§ Task to complete: Return, from the listing below, every line that includes "perfect".

§ Available data:
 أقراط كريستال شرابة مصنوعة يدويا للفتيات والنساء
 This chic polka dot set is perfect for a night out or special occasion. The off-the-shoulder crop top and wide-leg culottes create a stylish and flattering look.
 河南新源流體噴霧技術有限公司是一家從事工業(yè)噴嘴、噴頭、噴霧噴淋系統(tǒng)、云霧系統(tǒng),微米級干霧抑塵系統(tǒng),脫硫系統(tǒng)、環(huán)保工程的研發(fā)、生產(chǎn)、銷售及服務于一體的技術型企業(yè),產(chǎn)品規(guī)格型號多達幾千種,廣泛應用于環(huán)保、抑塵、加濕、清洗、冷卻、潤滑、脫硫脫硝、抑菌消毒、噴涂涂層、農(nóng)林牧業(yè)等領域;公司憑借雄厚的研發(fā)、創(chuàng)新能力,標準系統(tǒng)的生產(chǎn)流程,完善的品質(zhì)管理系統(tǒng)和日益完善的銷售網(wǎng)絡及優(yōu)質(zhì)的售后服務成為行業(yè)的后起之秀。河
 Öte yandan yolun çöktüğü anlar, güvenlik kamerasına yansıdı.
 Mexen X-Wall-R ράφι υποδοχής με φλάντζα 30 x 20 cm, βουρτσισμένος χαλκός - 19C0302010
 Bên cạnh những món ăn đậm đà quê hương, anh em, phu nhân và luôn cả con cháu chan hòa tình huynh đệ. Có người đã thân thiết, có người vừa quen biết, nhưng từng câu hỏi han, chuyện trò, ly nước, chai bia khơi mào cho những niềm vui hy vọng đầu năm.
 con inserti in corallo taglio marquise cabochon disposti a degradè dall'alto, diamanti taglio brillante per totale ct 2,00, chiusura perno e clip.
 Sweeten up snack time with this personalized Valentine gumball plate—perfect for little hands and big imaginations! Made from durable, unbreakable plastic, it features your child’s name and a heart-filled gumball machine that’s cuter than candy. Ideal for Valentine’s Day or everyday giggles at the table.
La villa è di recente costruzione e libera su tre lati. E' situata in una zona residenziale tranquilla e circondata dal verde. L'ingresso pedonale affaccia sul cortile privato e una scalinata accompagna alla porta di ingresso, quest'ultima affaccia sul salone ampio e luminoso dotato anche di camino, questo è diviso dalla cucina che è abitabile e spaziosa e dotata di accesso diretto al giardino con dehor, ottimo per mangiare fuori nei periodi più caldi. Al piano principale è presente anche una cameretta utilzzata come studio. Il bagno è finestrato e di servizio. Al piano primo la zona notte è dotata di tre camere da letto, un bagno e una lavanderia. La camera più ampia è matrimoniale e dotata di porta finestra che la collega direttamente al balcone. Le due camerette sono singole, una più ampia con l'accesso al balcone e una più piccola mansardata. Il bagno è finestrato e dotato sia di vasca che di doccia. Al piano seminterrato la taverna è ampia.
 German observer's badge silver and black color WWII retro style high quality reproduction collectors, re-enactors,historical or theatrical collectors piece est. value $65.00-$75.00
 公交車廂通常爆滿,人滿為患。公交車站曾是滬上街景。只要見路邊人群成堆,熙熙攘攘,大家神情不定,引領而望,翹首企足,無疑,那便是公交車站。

§ Reply to the task:
 This chic polka dot set is perfect for a night out or special occasion. The off-the-shoulder crop top and wide-leg culottes create a stylish and flattering look.
 Sweeten up snack time with this personalized Valentine gumball plate—perfect for little hands and big imaginations! Made from durable, unbreakable plastic, it features your child’s name and a heart-filled gumball machine that’s cuter than candy. Ideal for Valentine’s Day or everyday giggles at the table.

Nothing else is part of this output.